Segment Open
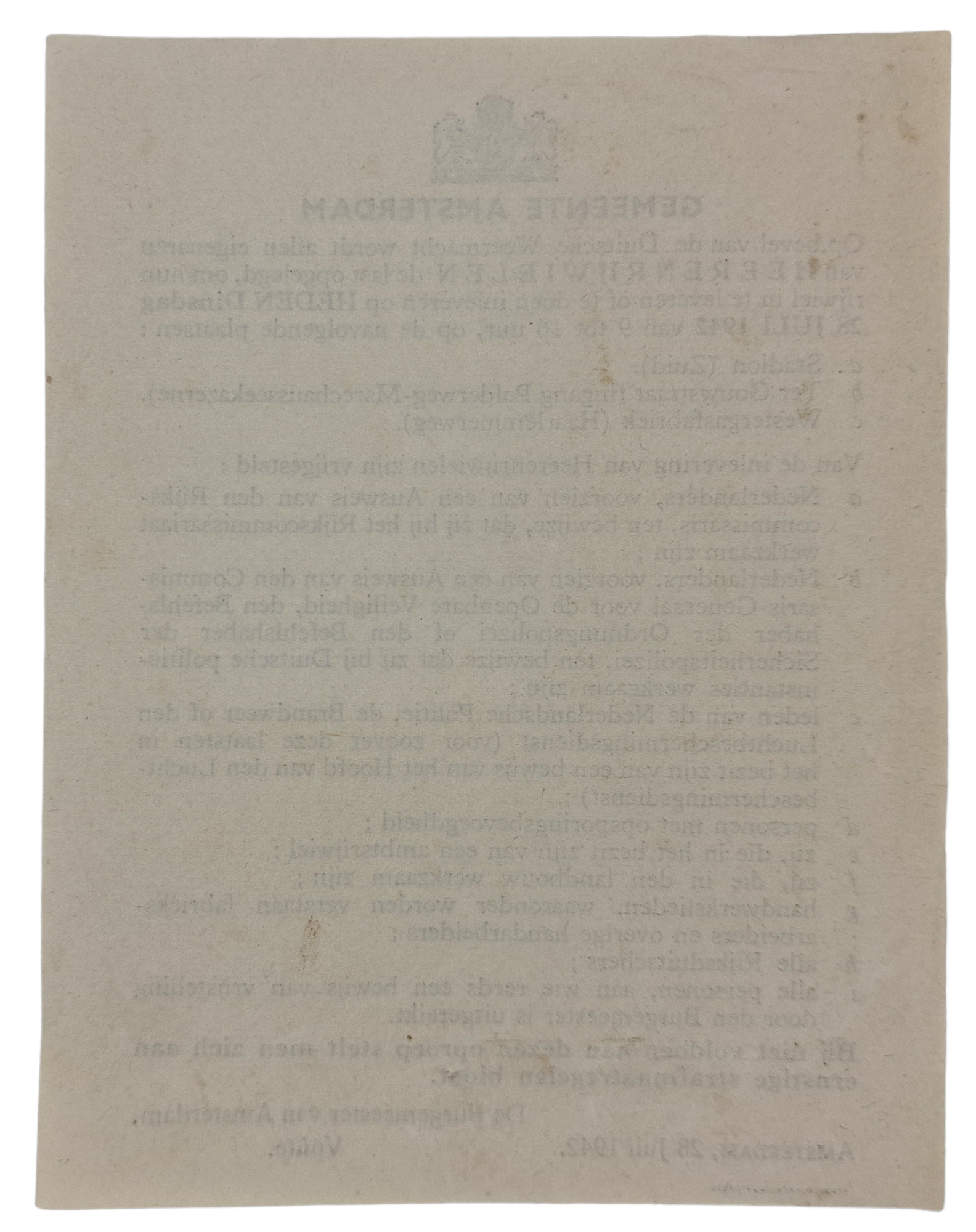 Original WW2 Dutch Document - Turn in all bicycles, Amsterdam (1942)
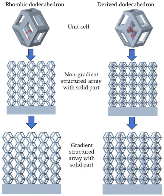 There are various types of unit cells in porous structures, and these structural variations significantly influence the mechanical properties of materials, such as ductility, elastic modulus, conductivity, thermal conductivity, biocompatibility, cell adhesion, and corrosion resistance. By selecting the optimal unit cell and fine-tuning the material’s structure, its performance can be enhanced, making it better suited for practical applications [42]. A rhombic dodecahedron structure, in particular, offers distinct advantages in terms of biocompatibility and cell adhesion, owing to its high porosity and specific surface area. The choice of unit cell also plays a critical role in reducing the anisotropy of the elastic modulus while simultaneously improving mechanical properties, thereby achieving a closer match in elastic modulus with bone tissue. The rhombic dodecahedron has a relatively low elastic modulus and a relatively high porosity, which can avoid stress shielding after implantation of biomimetic bone implants, prolong the service life of implants, and prevent sterile loosening caused by structural failure of implants after long-term implantation. In this study, two-unit cell models—namely the rhombic dodecahedron and a derived dodecahedron—are selected for optimization based on previous research, as illustrated in Figure 2. The modeling software used in this project is Creo Parametric 7.0. By arranging the unit cells along the three principal axes (XYZ), a porous structure model was generated. This array method prepares for gradient processing of the Z-axis unit cells of the model in the future, ensuring that only the Z-axis is variable and the rest are isotropic. The centroid spacing between the unit cells of the rhombic dodecahedron and its derivative dodecahedron along the perpendicular to the direction of the structural gradient of layered structure composed of two types of unit cells is 2.95 mm, which is 0.05 mm less than the distance between the two vertices of the unit cell. This slight reduction ensures that the unit cells can make contact perpendicular to the direction of the structural gradient of layered structure composed of two types of unit cells, preventing significant stress concentration that could arise from point-to-point contact. As mentioned earlier, long bones consist of cortical and cancellous bones. Cortical bone, typically solid, functions as the primary load-bearing component and has a thickness ranging from 0.33 to 3.5 mm [11]. To better mimic natural bone tissue, the experimental model in this study incorporates solid structures of varying thickness beneath the porous scaffold. Additionally, to more accurately replicate the biological properties of cancellous bone, gradient treatment was applied to both porous structures.
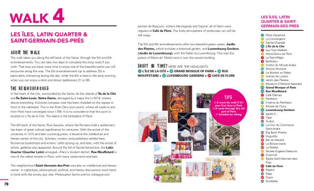 - Get to know the real Paris on six customizable walks: Discover a corner café and people-watch from the terrace over lunch. Wander through the Latin Quarter and stroll through verdant public gardens. Visit world-famous museums and galleries like the Louvre or shop for vintage designer threads. Browse a Sunday market for fresh produce and relax in the park with a baguette and fromage under the gaze of the Eiffel Tower. Linger at a trendy restaurant in the up-and-coming Belleville, sip stylish cocktails by the Seine, and dance the night away at the best clubs in town
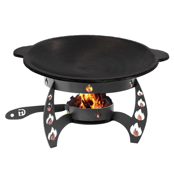Im Set enthalten ist eine Metallschale für Holzkohle, die hilft, das Gericht während des Essens warm und aromatisch zu halten.
Segment Closed
Prompt => Return all the lines above exactly; none of the pictures should appear.

Solution to the problem =>
 Original WW2 Dutch Document - Turn in all bicycles, Amsterdam (1942)
 There are various types of unit cells in porous structures, and these structural variations significantly influence the mechanical properties of materials, such as ductility, elastic modulus, conductivity, thermal conductivity, biocompatibility, cell adhesion, and corrosion resistance. By selecting the optimal unit cell and fine-tuning the material’s structure, its performance can be enhanced, making it better suited for practical applications [42]. A rhombic dodecahedron structure, in particular, offers distinct advantages in terms of biocompatibility and cell adhesion, owing to its high porosity and specific surface area. The choice of unit cell also plays a critical role in reducing the anisotropy of the elastic modulus while simultaneously improving mechanical properties, thereby achieving a closer match in elastic modulus with bone tissue. The rhombic dodecahedron has a relatively low elastic modulus and a relatively high porosity, which can avoid stress shielding after implantation of biomimetic bone implants, prolong the service life of implants, and prevent sterile loosening caused by structural failure of implants after long-term implantation. In this study, two-unit cell models—namely the rhombic dodecahedron and a derived dodecahedron—are selected for optimization based on previous research, as illustrated in Figure 2. The modeling software used in this project is Creo Parametric 7.0. By arranging the unit cells along the three principal axes (XYZ), a porous structure model was generated. This array method prepares for gradient processing of the Z-axis unit cells of the model in the future, ensuring that only the Z-axis is variable and the rest are isotropic. The centroid spacing between the unit cells of the rhombic dodecahedron and its derivative dodecahedron along the perpendicular to the direction of the structural gradient of layered structure composed of two types of unit cells is 2.95 mm, which is 0.05 mm less than the distance between the two vertices of the unit cell. This slight reduction ensures that the unit cells can make contact perpendicular to the direction of the structural gradient of layered structure composed of two types of unit cells, preventing significant stress concentration that could arise from point-to-point contact. As mentioned earlier, long bones consist of cortical and cancellous bones. Cortical bone, typically solid, functions as the primary load-bearing component and has a thickness ranging from 0.33 to 3.5 mm [11]. To better mimic natural bone tissue, the experimental model in this study incorporates solid structures of varying thickness beneath the porous scaffold. Additionally, to more accurately replicate the biological properties of cancellous bone, gradient treatment was applied to both porous structures.
 - Get to know the real Paris on six customizable walks: Discover a corner café and people-watch from the terrace over lunch. Wander through the Latin Quarter and stroll through verdant public gardens. Visit world-famous museums and galleries like the Louvre or shop for vintage designer threads. Browse a Sunday market for fresh produce and relax in the park with a baguette and fromage under the gaze of the Eiffel Tower. Linger at a trendy restaurant in the up-and-coming Belleville, sip stylish cocktails by the Seine, and dance the night away at the best clubs in town
Im Set enthalten ist eine Metallschale für Holzkohle, die hilft, das Gericht während des Essens warm und aromatisch zu halten.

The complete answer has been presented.